Table 2 summarize the TPRs at FPR = 0.10 for various numbers of lines included in a challenge presentation. The proposed system was able to detect a majority of attacks when using a set of five line segments. When increased to 10 line segments, the performance is significantly improved, however, it drops to 83%, 62% and 62% for photo, 2D mask and 3D mask attack respectively when only three lines are used.

Table 2. TPR at FPR = 0.10 for various sets of lines of collinearity

In summary, the collinearity feature appears to be more effective in detecting all the attack types compared with the colocation feature; even when the challenge duration is as low as 3 s.

Table 3 presents a comparison of the performance results obtained using the proposed novel collinearity feature with results reported in the literature.
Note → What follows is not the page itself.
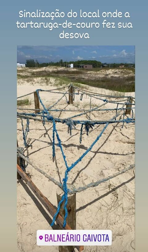 Uma tartaruga de couro( Dermochelys coriacea) desovou em nossa região, o local está sendo monitorado pela equipe da Educamar ( pesquisa e monitoramento Costeiro de animais marinhos) equipe do Ceclimar RS e Polícia Ambiental. Afim de proteger os ninhos até o nascimento que ocorrerá em média de 35 a 60 dias.
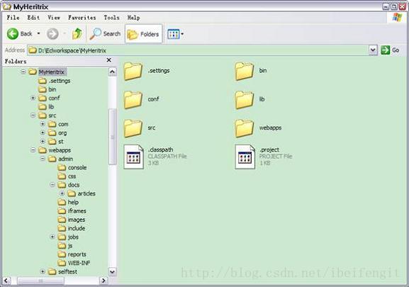 1)将 heritrix-1.14.4-src\src\java 下的 com、org 和 st 三个文件夹拷贝进 MyHeritrix 工程的 src 下。这三个文件夹包含了运行 Heritrix 所必须的核心源代码;

It is difficult to make a direct comparison between these results due to the different databases used for system evaluation and the novel and unique way that the challenge response mechanism is deployed in our proposed system. However, the results are very promising and indicate the potential of the proposed features and approach to substantially exceed current performance limits.

Table 3. FPR and FNR for various methods

The choice of operating points on the ROC curve that determines the balance between FPR and FNR should be set according to the needs of particular applications. The proposed system allows for considerable flexibility in adjusting the system parameters to meet the needs of different applications.

4 Conclusion

This work reports on an investigation of novel gaze-based features for liveness detection on mobile devices. The research extends the authors’ previous works on gaze-based presentation attack detection using enhanced features, mobile device geometry and additional attack artefacts. The work explored not only presentation of static photographs using another mobile device as the attack instrument but also the use of 2D and 3D masks representing different attack effort levels required by potential attackers. An important part of this work was evaluating the system with a large database (80 subjects) of genuine and attack presentations simulating mobile access scenarios.

The main conclusion of this investigation is to suggest that gaze information when captured in smaller device geometries such as those available on mobile phones has the potential to discriminate between genuine and subversive attempts.